We use it in our professional lives – in proving mathematical theorems, in debugging computer programs, in medical diagnosis, and in legal reasoning. And we use it in our personal lives – in solving puzzles, in playing games, and in doing school assignments, not just in Math but also in History and English and other subjects. But symbolic AI starts to break when you must deal with the messiness of the world. For instance, consider computer vision, the science of enabling computers to make sense of the content of images and video. Say you have a picture of your cat and want to create a program that can detect images that contain your cat. You create a rule-based program that takes new images as inputs, compares the pixels to the original cat image, and responds by saying whether your cat is in those images.

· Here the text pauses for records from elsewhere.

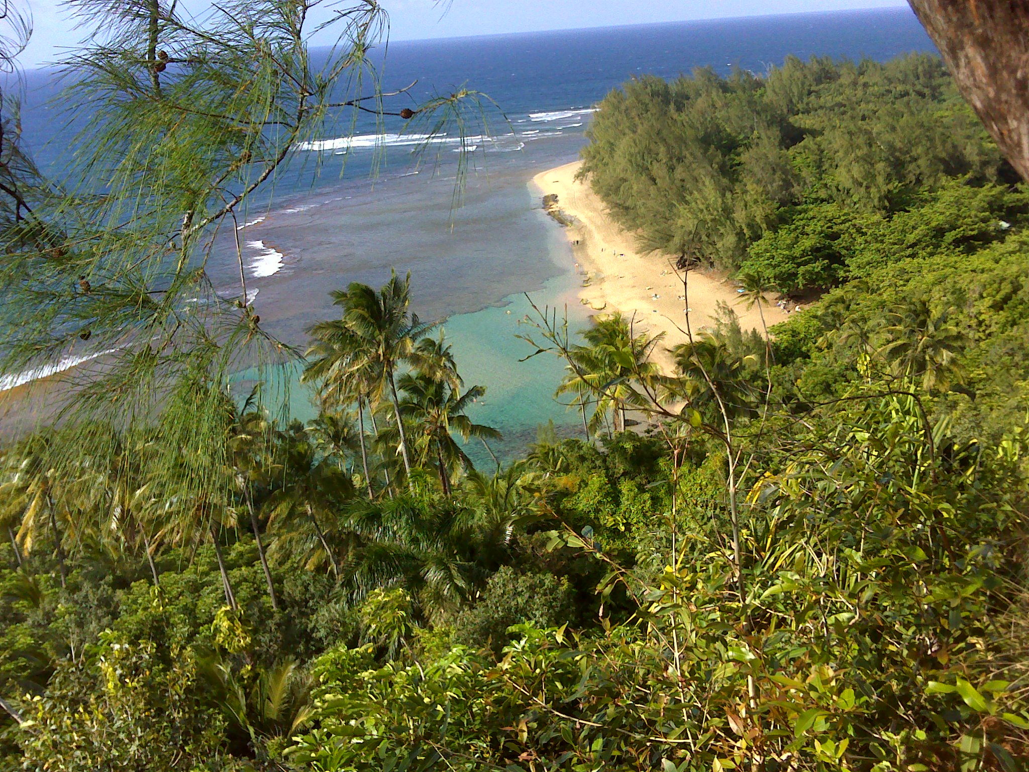 The first view of Hankapi'ai Beach beneath the Kalalau Trail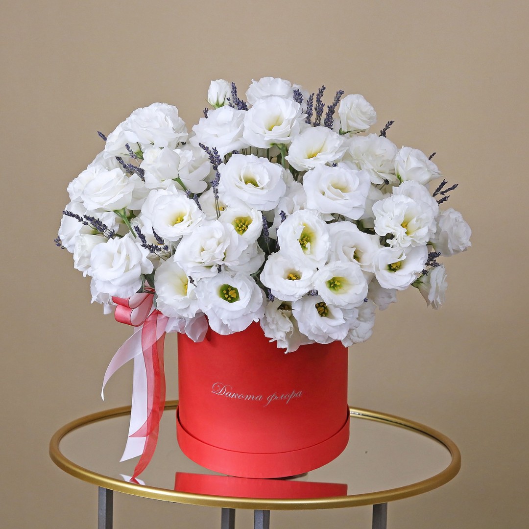 Цветы в коробках это композиции, составленные с использованием специальной губки Oasis (пиафлор) которая пропитана водой. Для того чтобы цветы дольше оставались свежими, добавляйте в нее немного воды каждый день.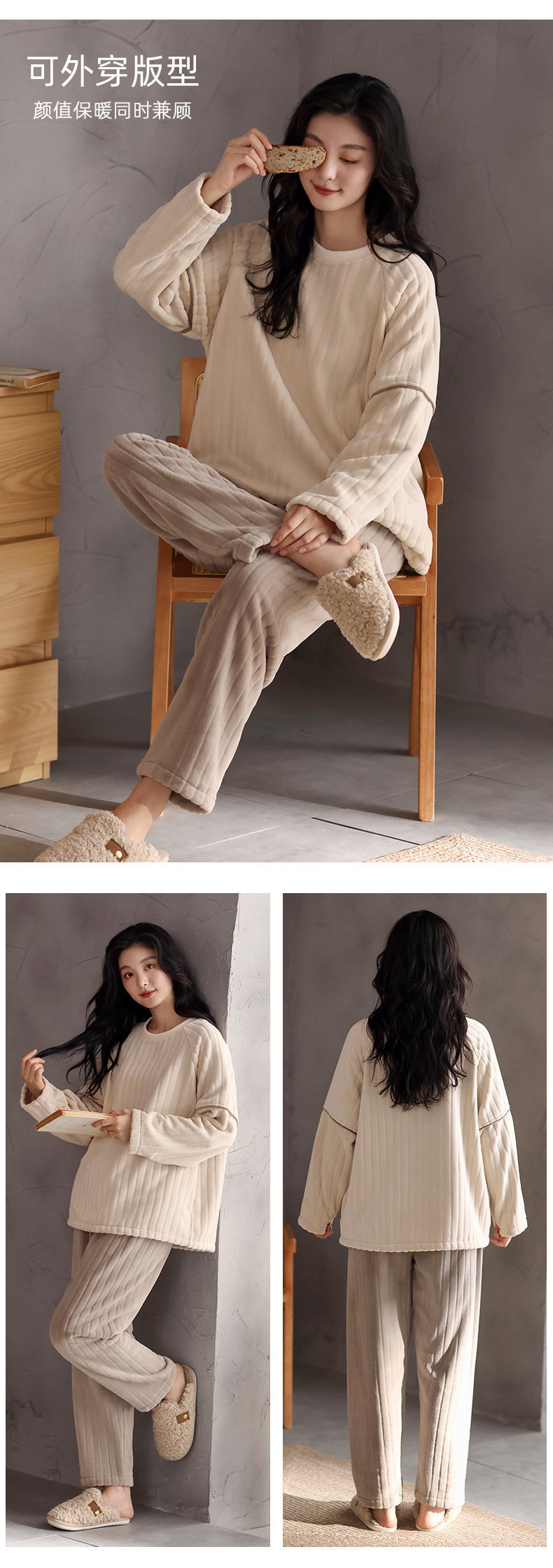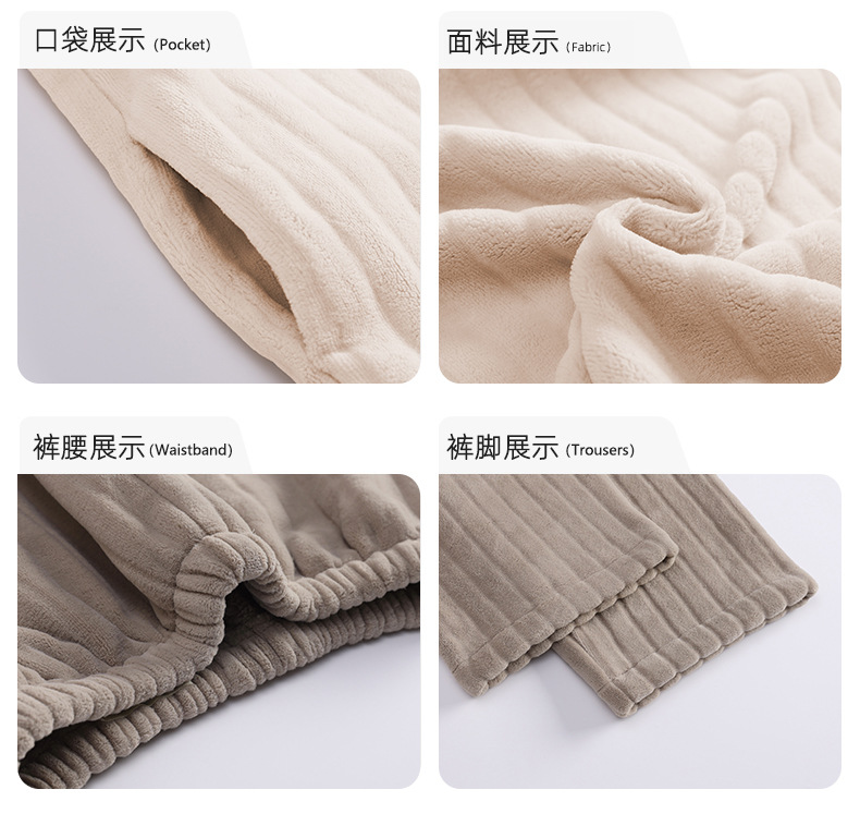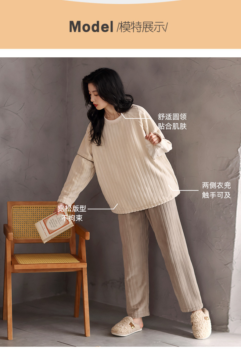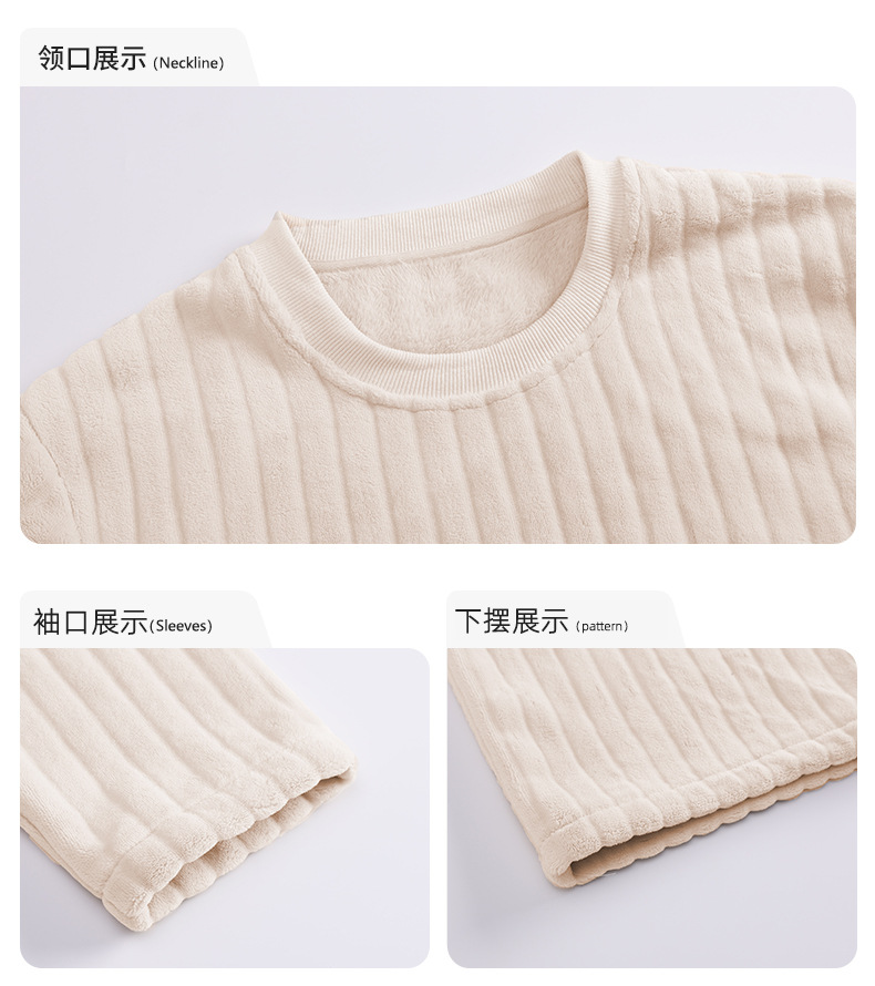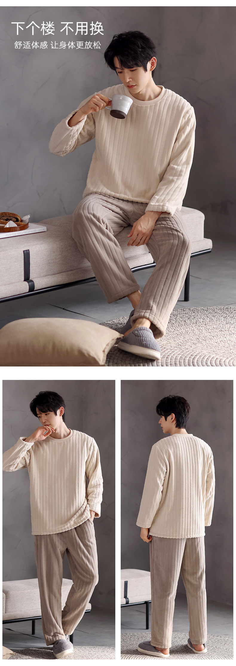 잠옷 커플의 겨울 플란넬 두꺼운 따뜻한 기모 크루 넥 풀오버 플란넬 간단한 캐주얼 홈 의류 세트스토어 가기

  • The form of the argument is the same as in the previous example, but the conclusion is somewhat less believable.
  • (1) If a proposition on the left hand side of one sentence is the same as a proposition on the right hand side of the other sentence, it is okay to drop the two symbols, with the proviso that only one such pair may be dropped.
  • Each method executes a series of rule-based instructions that might read and change the properties of the current and other objects.
  • But in recent years, as neural networks, also known as connectionist AI, gained traction, symbolic AI has fallen by the wayside.

To think that we can simply abandon symbol-manipulation is to suspend disbelief. Similar axioms would be required for other domain actions to specify what did not change. Qualitative simulation, such as Benjamin Kuipers’s QSIM,[90] approximates human reasoning about naive physics, such as what happens when we heat a liquid in a pot on the stove. We expect it to heat and possibly boil over, even though we may not know its temperature, its boiling point, or other details, such as atmospheric pressure. Time periods and titles are drawn from Henry Kautz’s 2020 AAAI Robert S. Engelmore Memorial Lecture[19] and the longer Wikipedia article on the History of AI, with dates and titles differing slightly for increased clarity.

For each of the following sentences, say whether or not it is true in this state of the world. Relational Logic expands upon Propositional Logic by providing a means for explicitly talking about individual objects and their interrelationships (not just monolithic conditions). In order to do so, we expand our language to include object constants and relation constants, variables and quantifiers.